The castle complex is comparatively modern in parts, due to being constantly besieged and rebuilt over the years. However, its walls still contain the oldest building in Edinburgh – the small but perfectly formed St Margaret’s Chapel, built in the 12th century. Other interesting features include the Dog Cemetery, where generations of faithful friends have been lovingly memorialised by their soldier owners.
This is a town that knows how to show visitors a good time, hosting major shindigs like the Edinburgh International Festival and Fringe Festival, not to mention the legendary Hogmanay celebrations. The city’s nightlife has plenty to offer outside these times too. In the New Town, head straight for Rose Street’s pubs and eateries. For an atmospheric tipple, you can’t beat the historic Kenilworth, named after a novel by Scottish literary icon Sir Walter Scott.
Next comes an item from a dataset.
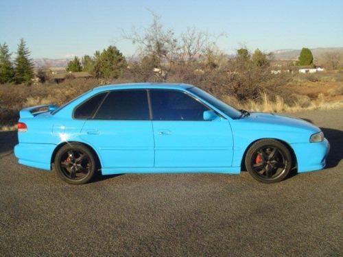 GREAT CAR! WHAT A GREAT CHRISTMAS PRESENT!!!!!!! RARE CUSTOM BUILD LESS THAN 5,000 MILES ON REBUILD!!!!!!! This car was put together and built by Pression Chassis Works in Phoenix. Over $25.000 put in this rebuild! The 98 Legacy was completely gutted and stripped down for a thorough restoration, drive train, wiring, computer and Interior upgrades from a 2002 WRX and STI. See entire build below! A wrecked 2002 WRX was acquired as a donor car for the complete engine/drivetrain conversion. The heads were rebuilt and at the time a brand new OEM shortblock was put in. Here's a list of everything that was done. VIN# 4S3BD675XW6202027 To See pics of rebuild from beginning to end email me and I will send you a link! EXTERIOR - Complete exterior color change from red to Porsche Mexico Blue using DuPont Chroma System products. - New OEM upper window seals (A-pillar, B-pillar, and C-pillar) - New OEM upper door trim - New OEM grill and emblem (charcoal) - JDM tail lights (with clear turn signals) - JDM projector headlights - Filled holes in rear deck-lid from emblems INTERIOR - New OEM floor mats - 2007 STI seats front and rear - 2007 STI steering wheel - New OEM center vent panel - New OEM shift boot and surrounding panel - New OEM STI 5 speed shift knob - Leather WRX emergency brake handle - WRX Pedals - New Alpine SPS600 rear speakers - New Alpine SPS600C front speakers (w/tweeters) - New Kenwood KDC-MP345U head unit (has USB and AUX ports in front) SUSPENSION - New ball-joints - New wheel bearings - Polyurethane bushings - 2007 WRX steering rack - Custom modified Legacy steering column to work with WRX steering rack and u-joints - 2007 WRX front and rear sub-frames - New brake calipers on all 4 corners (painted red and silver) - New brake rotors on all 4 corners - Stainless steel braided brake lines and clutch line - Whiteline sway bars front and rear - Whiteline sway bar end-links front and rear - Tokico D-Spec shocks modified for Ground Control coil-over kit - Ground Control coil-over kit - All control arms and spindles repainted satin black - Platinum 17" Widow rims - Nexxen 300 tires ENGINE/TRANSMISSION - Complete 2002 EJ205 WRX engine and transmission swap - Matching WRX rear differential - Brand new OEM short block (new from Subaru) with 1 year warranty - New OEM oil pump - Completely rebuilt heads - New timing belt with all new pulleys and tensioners - New water pump - New thermostat - All new rubber fuel lines - New OEM fuel filter - New Walbro 255 fuel pump - New OEM A/C compressor - Rebuilt A/C lines - New serpentine belts - Wrinkle black powder coated intake manifold and TGV's - TGV's deleted and ported - Wrinkle black powder coated valve covers - Custom 3" intake with K&N filter - Exhaust manifolds de-tabbed and header wrapped. - Invidia cat-less up-pipe header wrapped - Invidia cat-less down-pipe header wrapped and modified for V-band clamp - Custom stainless steel 3" exhaust using Magnaflow muffler with polished tip and V-band clamp - Custom oversized aluminum radiator with twin SPAL fans - Custom aluminum radiator overflow tank - New light-weight flywheel (chromoly not aluminum) - New clutch and pressure plate - Completely rebuilt driveshaft - Polyurethane shifter bushings - Odyssey lightweight battery To see complete pics and process of complete rebuild, email me and I will send you the link. Also added nice sub, amp for tunes and tinted the windows! |

It’s a listed building with a beautiful late Victorian interior complete with tiled walls and carved mahogany. In the Old Town, Cowgate is a big drinking street popular with students, while Grassmarket has its fair share of venues.
When in Rome …
You owe it to yourself to try haggis. After all, it’s a Scottish culinary legend and surprisingly tasty. Just don’t think about what’s in it. If you really can’t face the prospect, there are meat-free versions for vegetarians and the squeamish. The classic accompaniments are neeps and tatties (mashed turnip and potato) and you can find such dishes in touristy restaurants and local hangouts alike. Try The Wee Windaes on High Street, Royal Mile, or the Rose Street Brewery on Rose Street, which has a cosy restaurant tucked away upstairs. For the sake of authenticity, you could follow it with Scotland’s great contribution to modern cuisine, the deep-fried Mars bar.
Worth a look
The Real Mary King’s Close
Discover the subterranean world of old Edinburgh on this entertaining tour, which explores the warren of streets underneath Royal Mile. See www.realmarykingsclose.com.
Palace of Holyroodhouse
The Queen’s official residence in Scotland, this sits at the opposite end of Royal Mile to Edinburgh Castle. The former home of Mary, Queen of Scots, it’s a must for history buffs.
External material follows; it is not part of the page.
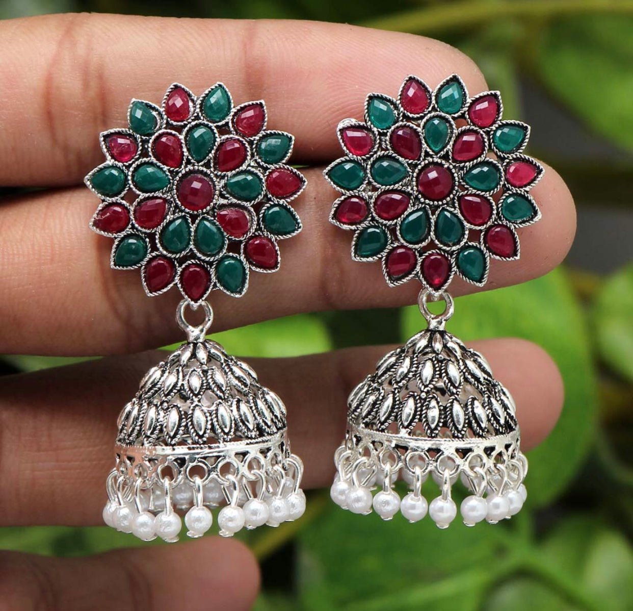 • Maroon & Green Color Glass Stone Oxidised Earrings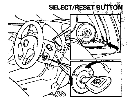 2. Press and hold the select and reset buttons in the instrument panel, then turn the ignition switch ON (II).

The Scotch Whisky Heritage Centre
Close to the castle, this provides a good opportunity to do some essential research into Scotland’s favourite drink.
Edinburgh’s got a good range of budget accommodation. Slightly out of town, the Globetrotter Inn hostel is a popular choice and worth the trek as the facilities (and the sea view from the bar) are great. They run a shuttle service to and from the centre. See www.globetrotterinns.com.